「永住者」6万人超える=デカセギの5人に1人=毎年1万人増の勢い続く=定住化裏付ける数字

2007年5月19日付け

 法務省入国管理局の外国人登録者に関する統計によれば、日本で「永住者」資格を取得するブラジル国籍者が二〇〇〇年以来、毎年一万人増の勢いで激増しており、今後もしばらくはこのペースが続く可能性があるようだ。すでに在日ブラジル人約三〇万人の五人に一人の割合になっており、デカセギの定住化を裏付ける数字となっている。
 法務省入国管理局が公表している平成18年版『出入国管理』の統計資料に記載された内容は次の通りで、毎年取得した人の分を足した累計となっている。以下各年末の数字だ。
▼九七年=  一六八六人
▼九八年=  二六四四人
▼九九年=  四五九二人
▼〇〇年=  九〇六二人
▼〇一年=二万〇二七七人
▼〇二年=三万一二〇三人
▼〇三年=四万一七七一人
▼〇四年=五万二五八一人
▼〇五年=六万三六四三人
 〇〇年以来、各年一万人ペースで増加しており、サンパウロ総領事館の査証班、港偉夫領事によれば「このまましばらく続く可能性は否定できない」という。平成十年(九八年)に入国管理局が永住許可に関する規制を緩和したことも、急増の要因の一つと思われる。
 同領事はまた、「いったん永住許可になっても、再入国許可をとってブラジルに帰ってきて三年を過ぎると、在留資格を失うことになる」と注意喚起する。
 外国籍者が「永住者」資格になっても、日本から外に出るときには「再入国許可」を発行してもらわなければならない。この「再入国許可」の有効期限が最大三年で、それを過ぎると滞在資格が無効になる。
 そうなると、せっかくの「永住者」が無駄になる。
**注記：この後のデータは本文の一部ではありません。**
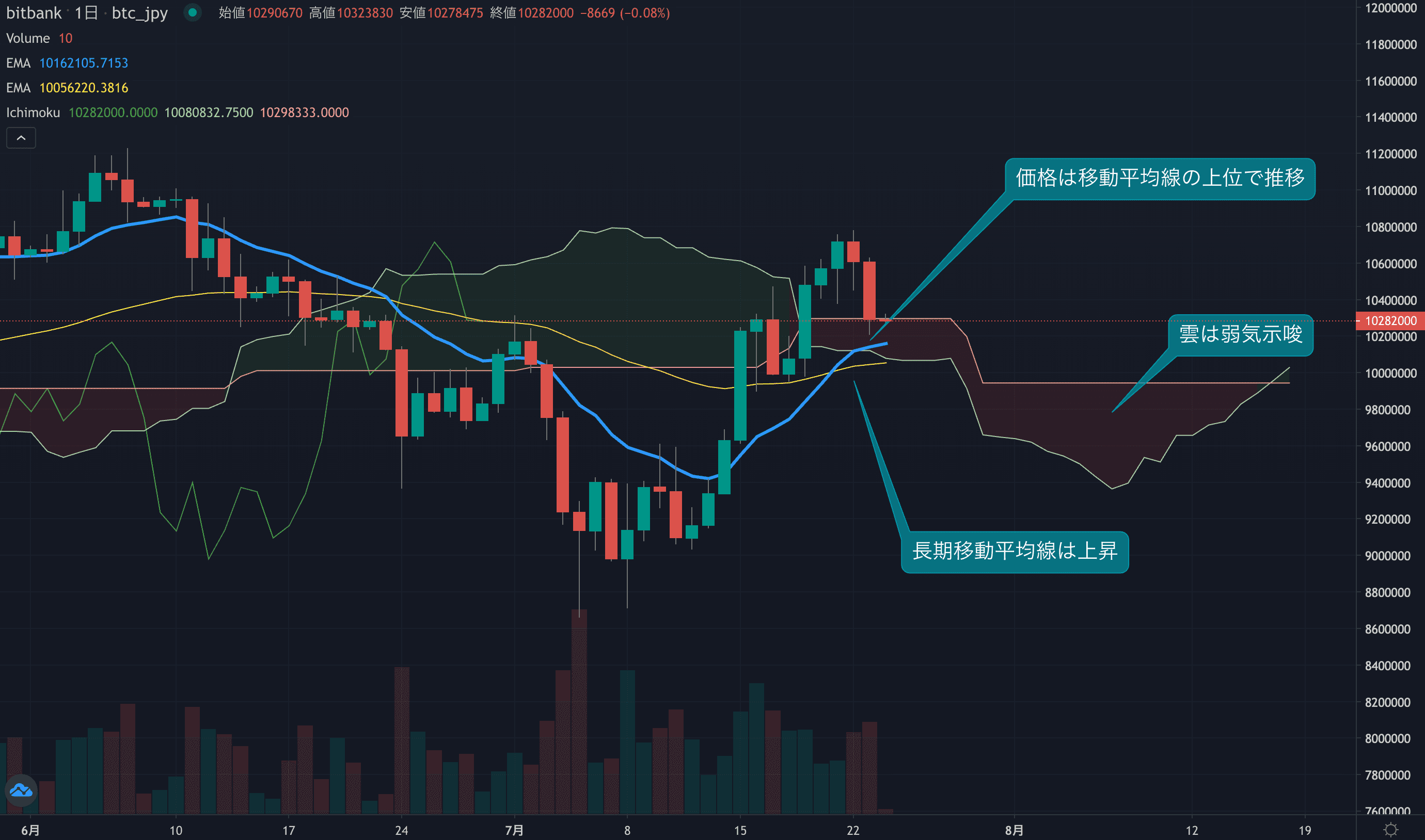 - 今週のビットコインは軟調な相場となり、日足は一目均衡表の雲の上限近辺まで下落しました。ここから下は移動平均線も推移しており、テクニカル的なサポートが期待されます。日足はまだ底堅い動きが見られる一方、短期のオシレーターが下落し始めていることは気になるところです。1000万円を割り込むような動きがあれば、テクニカルが崩れるため警戒する必要があります。本日は移動平均線近辺でサポートされるか注目となります。

特に親と一緒に同資格をとった四世以降は、再入国許可を切らしてしまうと、一般の外国人と同様の扱いになるので要注意だ。
 「出入国管理及び難民認定法」(通称・入管法)の第22条(永住許可)によると、在留資格を永住者に切りかえるための条件は(1)素行が善良であること、(2)独立の生計を営むに足りる資産又は技能を有すること、(3)その者の永住が日本国の利益に合すると法務大臣が認めること、の三点。
 ただし、三世までの日系人の場合などは、(3)の要件に適合すれば良いとされており、比較的難しくない状態になっている。
 「永住者」資格を持つと活動の制限がほぼなくなり、一部の金融機関から住宅融資が受けられるなどの特典がある。日本ではアパートで家賃を払うよりも、家を建てたり購入したりするブラジル人が増えており、そのような利便性を確保するために同資格を取得する人もいるようだ。
 「永住者」が七万人、八万人という時代もそう遠くないかもしれない。現在のブラジルの在留邦人は七万人弱であり、それを超えた在日ブラジル人永住者がいる現実をどうとらえるか。百周年を目前に、ポロロッカのように逆流する移住労働者の波が活性化している。